**Stored dataset items**
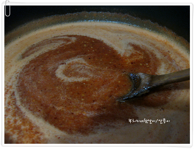 눌러붙지 않도록 중간 중간 저어주면서 어느정도 졸여지면
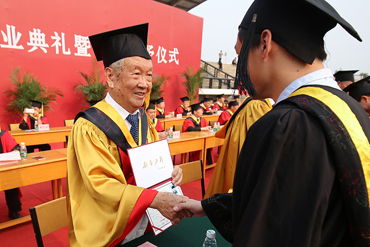 学校名誉校长朱训为毕业生拨正流苏,授予学位
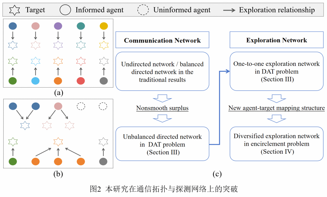 为应对动态非合作目标集群协同围捕问题中,多目标动态轨迹中心跟踪难的挑战,团队针对非对称网络上分布式平均跟踪理论问题开展研究,创新地提出了“非光滑盈余”概念,将其成功引入分布式平均跟踪控制器设计中,攻克了非对称网络拓扑的不平衡条件,实现了对多目标动态轨迹中心的精确跟踪。相关结果以长文形式发表于控制领域权威期刊《IEEE Transactions on Automatic Control》(IEEE TAC),题为《有向通信网络上的分布式平均跟踪:一种非光滑盈余方法》(Distributed Average Tracking over Directed Communication Networks: A Nonsmooth Surplus Approach)。该论文由suncitygroup太阳集团博士研究生曹润华与suncitygroup太阳集团赵宇教授共同完成,索引信息参见DOI: 10.1109/TAC.2025.3629024(全文https://ieeexplore.ieee.org/document/11226888)。
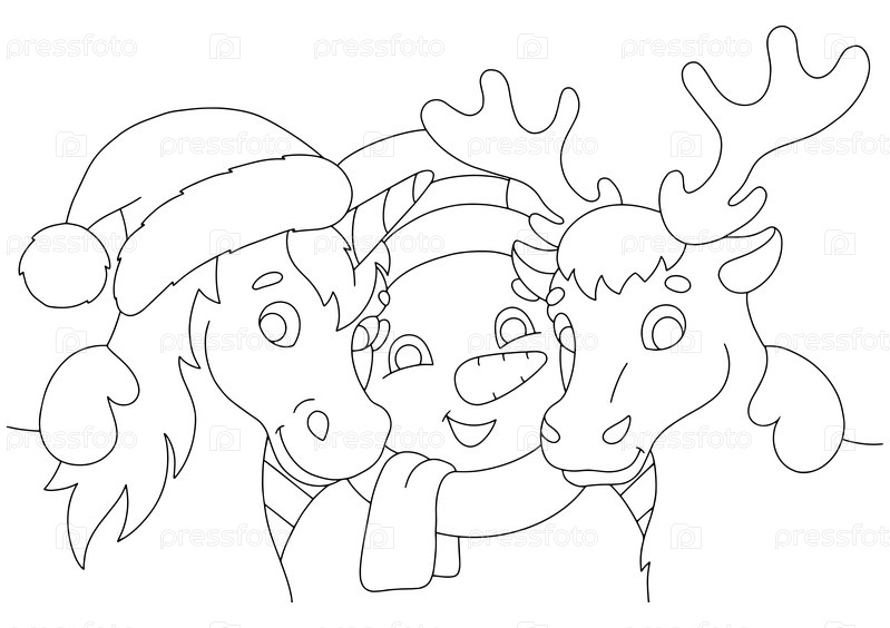 Единорог, олень и снеговик на Рождество. Страница раскраски для детей. Персонаж в мультяшном стиле. Векторная иллюстрация на белом фоне
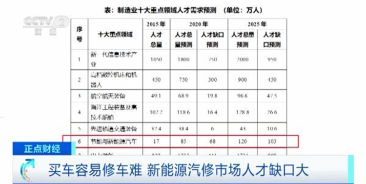 行業前景 工信部發布的《制造業人才發展規劃指南》指出,到2025年,節能與新能源汽車的人才總量預計達到120萬人,但人才缺口預計可達103萬人。其中,新能源汽車維修領域將面臨80%的人才空白。
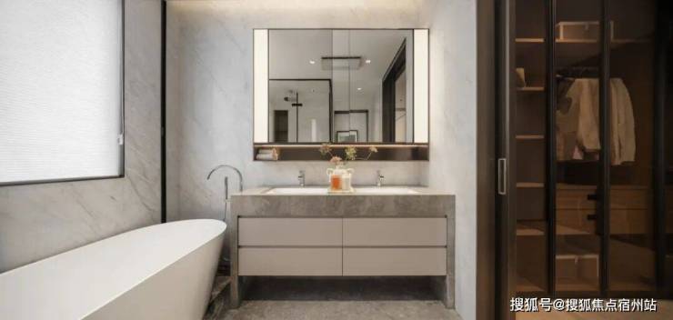 第三,3间套房的设计能满足各个家庭成员的隐私。尤其是主卧,尺度超大,并配置了双台盆+浴缸+淋浴+马桶豪华四件套,还有超大步入式衣帽间。

**Exercise brief**
Hand back the exact lines from the start of the entries to the line with "Transactions on Automatic", both ends kept and pictures left out.

**Written solution**
 눌러붙지 않도록 중간 중간 저어주면서 어느정도 졸여지면
 学校名誉校长朱训为毕业生拨正流苏,授予学位
 为应对动态非合作目标集群协同围捕问题中,多目标动态轨迹中心跟踪难的挑战,团队针对非对称网络上分布式平均跟踪理论问题开展研究,创新地提出了“非光滑盈余”概念,将其成功引入分布式平均跟踪控制器设计中,攻克了非对称网络拓扑的不平衡条件,实现了对多目标动态轨迹中心的精确跟踪。相关结果以长文形式发表于控制领域权威期刊《IEEE Transactions on Automatic Control》(IEEE TAC),题为《有向通信网络上的分布式平均跟踪:一种非光滑盈余方法》(Distributed Average Tracking over Directed Communication Networks: A Nonsmooth Surplus Approach)。该论文由suncitygroup太阳集团博士研究生曹润华与suncitygroup太阳集团赵宇教授共同完成,索引信息参见DOI: 10.1109/TAC.2025.3629024(全文https://ieeexplore.ieee.org/document/11226888)。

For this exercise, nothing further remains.